Двое мужчин поджидали Фраголу у окна.
— Это она! — в один голос вскричали они.
— В карете с гербами? — усомнился монах.
— Да. Впрочем, дело совсем не в этом. Привезла ли она приглашение на аудиенцию?
— У нее в руке какая-то бумага! — заметил Доминик.
— Тогда все в порядке, — отозвался Сальватор.
Доминик бросился на лестницу.
— Это я! — крикнула Фрагола, услышав звук отворяемой двери. — Приглашение у меня!
— На какой день? — спросил Доминик.
— На сегодня, через два часа.
— О! — вскрикнул Доминик. — Да благословит вас Бог, дитя мое!

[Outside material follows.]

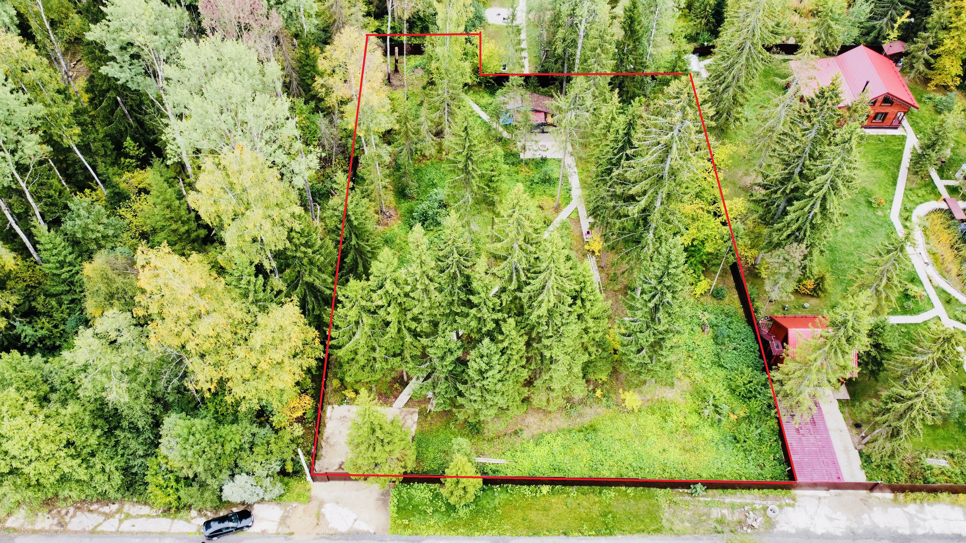 Участок со всех сторон огорожен капитальным забором из профлиста с автоматическими воротами и калиткой, сделан заезд на участок и парковочные места, вырублены все кусты и старые деревья, оставлены самые красивые для ощущения лесного участка, имеется электричество.

— Слава Всевышнему, святой отец! — подхватила Фрагола, почтительно подавая монаху зажатое в белой ручке приглашение на аудиенцию к королю.
XXVI
ОТСРОЧКА
Король пребывал не в самом веселом расположении духа.
Роспуск национальной гвардии, о чем немногословно сообщалось в утреннем выпуске «Монитёра», взволновал всю торговую часть Парижа. «Господа лавочники», как называли их «господа придворные», всегда бывали недовольны: как мы уже говорили, они роптали, когда им приказывали нести караул, они же роптали, когда им запрещали его нести.
Чего же они хотели?
Июльская революция показала, чего они хотели.
Прибавим к тому, что ужасная новость об осуждении г-на Сарранти, распространившаяся по всему городу, немало способствовала возбуждению среди значительной части населения.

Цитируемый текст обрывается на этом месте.